Our dividend policy will also impact our future liquidity position. Marshall Islands law generally prohibits the payment of dividends other than from surplus or while a company is insolvent or would be rendered insolvent by the payment of such a dividend. In addition, under the terms of our credit facilities, we may only declare or pay any dividends from our free cash flow and may not do so if i) an event of default is occurring or ii) the payment of such dividend would result in an event of default. Our vessel owning subsidiaries that are party to the RBS Loan Facility, as described in our Annual Report on Form 10-K for the year ended March 31, 2016, are prohibited from paying dividends without the consent of the lender.

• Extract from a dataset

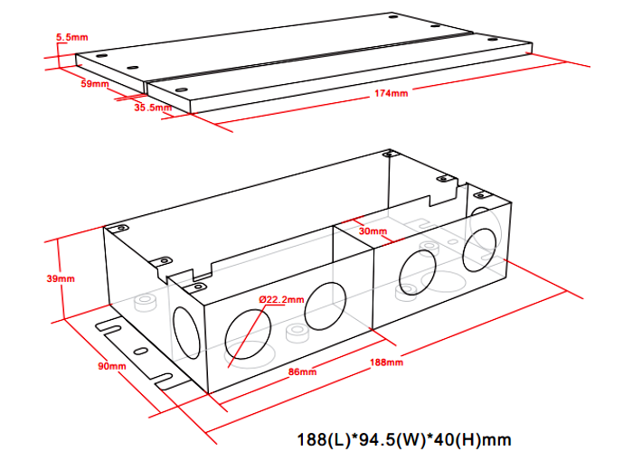 1.0 version: 188*92*26mm(L*W*H); 2.0 version: 188*94.5*40mm(L*W*H)
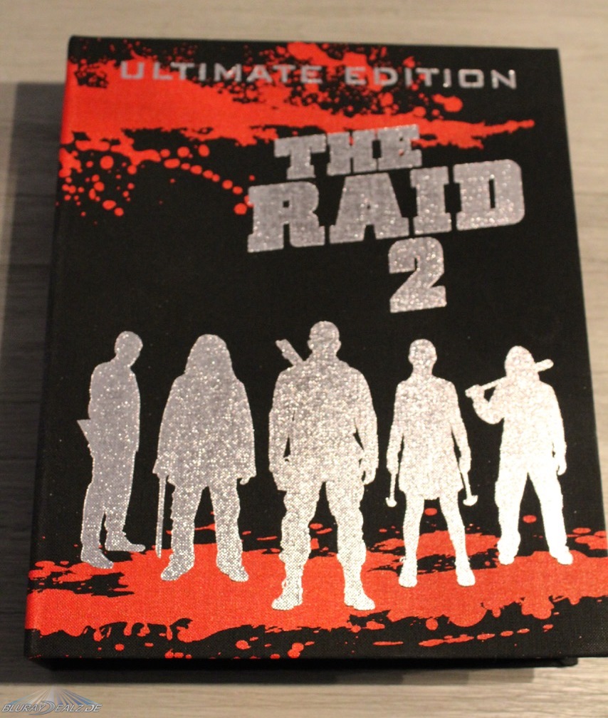 Im Gegensatz zur Ultimate Edition vom ersten Teil ist die zweite Box etwas schmaler ausgefallen. Die Box selber ist so gestaltet, dass es so scheint, als sei Sie mit Stoff bespannt. Die Box ist 20,8 cm hoch, 16,8 cm breit und 4,5 cm tief (Die Box des ersten Teils hat eine Tiefe von kapp 6 cm). Die Box ist in schwarz gehalten und von Blutflecken und Spritzern in Rot durchzogen. Auf dem Cover und dem Rücken befinden sich in Silber gedruckt jeweils der Titel, sowie Schattenbilder der Akteure. Auf der Rückseite ist die Limitierungsnummer in Silber aufgedruckt. In der Box befindet sich ein Digipack mit Schuber, in dem sich 4 Discs finden, die Blu-ray, die DVD, die Bonus DVD und der Soundtrack des Films auf CD.Das war auch beim ersten Teil so, wobei dort noch die umgeschnittene indonesische Fassung jeweils auf Blu-ray und DVD beinhaltet war. Darüber hinaus befinden sich in der Box 6 Postkarten zum Film, ein doppelseitig bedrucktes Filmplakat in A4 und ein 44-seitiges Heft zum Film. Ingesamt fällt der Inhalt etwas geringer aus als bei der ersten Box (6 Discs, Poster A4, 124-seitiger Hardcover Comic, 6 großformatige Postkarten)

However, the loan facility permits the borrowers to make expenditures to fund the administration and operation of Dorian.

As part of our growth strategy, we will continue to consider strategic opportunities, including the acquisition of additional vessels and repurchases of our own securities. We may choose to pursue such opportunities through internal growth or joint ventures or business acquisitions. We expect to finance the purchase price of any future acquisitions either through internally generated funds, public or private debt financings, public or private issuances of additional equity securities or a combination of these forms of financing.

Cash Flows

The following table summarizes our cash and cash equivalents provided by/(used in) operating, financing and investing activities for the nine months ended December 31:

2016 2015
Net cash provided by operating activities $ 49,204,850 $ 82,985,318
Net cash used in investing activities (1,762,861) (855,874,634)
Net cash (used in)/provided by financing activities (61,699,686) 590,427,830
Net decrease in cash and cash equivalents $ (14,572,323) $ (182,786,264)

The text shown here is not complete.